30 March 2013
Again I return to Philip Roth. Would he were living next
door rather than down on the shelves in my basement!
I consider these passages now from The Human Stain, the final volume of the
American trilogy that began with American
Pastoral and here concluded. Zuckerman is imagining Coleman and Faunia
alone in Coleman’s house one lovely summer evening, “each of them protecting
the other against everyone else—each
of them, to the other, comprising everyone
else. There they dance, as likely as not unclothed, beyond the ordeal of the
world, in an unearthly paradise of earthbound lust where their coupling is the
drama into which they decant all the angry disappointment of their lives.” There
they dance, naked, both savior and destroyer of each other. At this point of
the narration Zuckerman knows that both Coleman and Faunia are dead, and he
asks, “Who are they now?” And he responds: that in death they are the essence
of singularity. Nothing affects them and they can affect nothing. They are
beyond care and caring.
“Who are these drastically unalike
people, so incongruously allied at seventy-one and thirty-four? They are the
disasters to which they are enjoined.” That description stops my breathing. One
meaning for the word ‘enjoin’ is “to join together.” In a related sense ‘enjoin’
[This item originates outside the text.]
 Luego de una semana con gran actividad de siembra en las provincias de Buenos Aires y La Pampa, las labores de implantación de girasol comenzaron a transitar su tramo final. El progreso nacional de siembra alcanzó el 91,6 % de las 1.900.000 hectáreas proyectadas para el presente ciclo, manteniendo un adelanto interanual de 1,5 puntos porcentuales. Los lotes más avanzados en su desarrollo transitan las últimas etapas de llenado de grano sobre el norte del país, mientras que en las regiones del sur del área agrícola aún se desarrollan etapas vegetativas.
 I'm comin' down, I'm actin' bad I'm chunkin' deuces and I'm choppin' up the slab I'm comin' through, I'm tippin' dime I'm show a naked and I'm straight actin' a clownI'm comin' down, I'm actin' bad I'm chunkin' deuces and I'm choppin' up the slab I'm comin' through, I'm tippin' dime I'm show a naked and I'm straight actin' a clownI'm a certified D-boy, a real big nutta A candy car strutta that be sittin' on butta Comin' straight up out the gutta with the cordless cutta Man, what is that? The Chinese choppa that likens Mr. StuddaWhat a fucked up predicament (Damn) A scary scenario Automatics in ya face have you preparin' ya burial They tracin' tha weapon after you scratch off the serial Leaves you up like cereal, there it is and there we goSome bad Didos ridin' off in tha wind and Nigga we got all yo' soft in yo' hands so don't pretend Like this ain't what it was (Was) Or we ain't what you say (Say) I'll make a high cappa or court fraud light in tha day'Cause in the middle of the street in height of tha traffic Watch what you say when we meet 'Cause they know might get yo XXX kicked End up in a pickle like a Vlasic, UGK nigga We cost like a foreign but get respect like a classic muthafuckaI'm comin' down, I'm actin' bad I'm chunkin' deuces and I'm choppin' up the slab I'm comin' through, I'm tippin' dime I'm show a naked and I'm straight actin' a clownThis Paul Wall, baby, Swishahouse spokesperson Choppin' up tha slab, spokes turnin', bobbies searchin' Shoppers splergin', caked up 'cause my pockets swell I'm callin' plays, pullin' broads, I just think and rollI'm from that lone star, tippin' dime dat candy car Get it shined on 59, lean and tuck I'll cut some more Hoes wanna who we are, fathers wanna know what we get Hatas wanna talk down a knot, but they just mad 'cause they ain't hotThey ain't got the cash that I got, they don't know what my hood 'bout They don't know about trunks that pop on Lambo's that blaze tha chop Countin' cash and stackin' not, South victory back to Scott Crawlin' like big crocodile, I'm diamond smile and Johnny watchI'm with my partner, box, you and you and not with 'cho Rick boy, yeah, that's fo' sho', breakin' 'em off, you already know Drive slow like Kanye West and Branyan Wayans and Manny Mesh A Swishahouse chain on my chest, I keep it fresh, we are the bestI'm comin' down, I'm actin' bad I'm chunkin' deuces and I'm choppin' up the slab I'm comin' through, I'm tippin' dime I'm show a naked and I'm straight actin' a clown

can also mean “to attach oneself to.” Given the relationship that exists
between Coleman and Faunia these definitions make sense: the relationship
between Coleman and Faunia represents for each an attachment to something in
the world that is actual and real. In the world filled with lies, deceptions
and ignorances, to make anything more of their relationship is to render it
false. “He’d said to her, ‘This is more than sex,’ and flatly she replied, ‘No,
it’s not. You just forgot what sex is. This is sex. All by itself. Don’t fuck
it up by pretending it’s something else.’” Coleman was looking for some
transcendent meaning to their relationship and Faunia would know it only for
its immediacy and physical reality.
I can accept this definition, of ‘enjoin’;
however, the OED notes that this meaning of the word ‘enjoin’ is obsolete. I do
not suspect that Roth had carelessly chosen the word ‘enjoined,’ because in
this context its use is not customary. He must have searched for the perfect
word.
The second definition for the word
‘enjoin’ is “to impose (a penalty, task-duty or obligation.” In contemporary
terms the OED suggests that this definition of ‘enjoin’ means “to prescribe
authoritatively and with emphasis (an action, a course of conduct, state of
feeling, etc.).” In this sense of ‘enjoin,’ the relationship between Faunia and
Coleman is somehow prescribed, mandated, authorized: but who, I wonder, has
issued the order? And for what reason?
And a third definition of enjoin
means “to prohibit, forbid a thing; to prohibit a person from a person or
thing.” In this instance, the relationship of Coleman and Faunia is one comprised
of two disasters—and
Zuckerman wonders what life isn’t in the end a disaster—a relationship
to which they are forbidden but in which they engage nevertheless. Forbidden,
I suspect because two disasters joined can lead to no good. That engagement
will lead to their violent deaths. Why are lives disasters? And Zuckerman
answers: “Because we don’t know, do? How what happens the way it does? What
underlies the anarchy of the train of events, the uncertainties, the mishaps,
the disunity, the shocking irregularities that define human affairs.” Any
attempt, Zuckerman says, to assume knowledge renders experience banal and is
mere platitude: like the statement ‘everything will be alright,” when in fact
we just don’t know. “What we know is that, in an unclichéd way, nobody knows
anything. You can’t know anything.
The things you know you don’t know.
Intention? Motive? Consequence? Meaning? All that we don’t know is astonishing.
Even more astonishing is what passes for knowing.”
And so I look out this morning at
what I don’t know and understand completely how I can only be a disaster
because I act with very, very limited knowledge, and even what I believe I know
is suspect. In our relationships we are the disasters to which we are enjoined.
Zuckerman, of course, has opted
out, and that is one answer.
1 Comments:
I find the visceral part of me responding to your post...especially the last paragraph. I want to understand how you can perceive yourself as a disaster yet still continue in this world! I haven't yet figured out how to do so.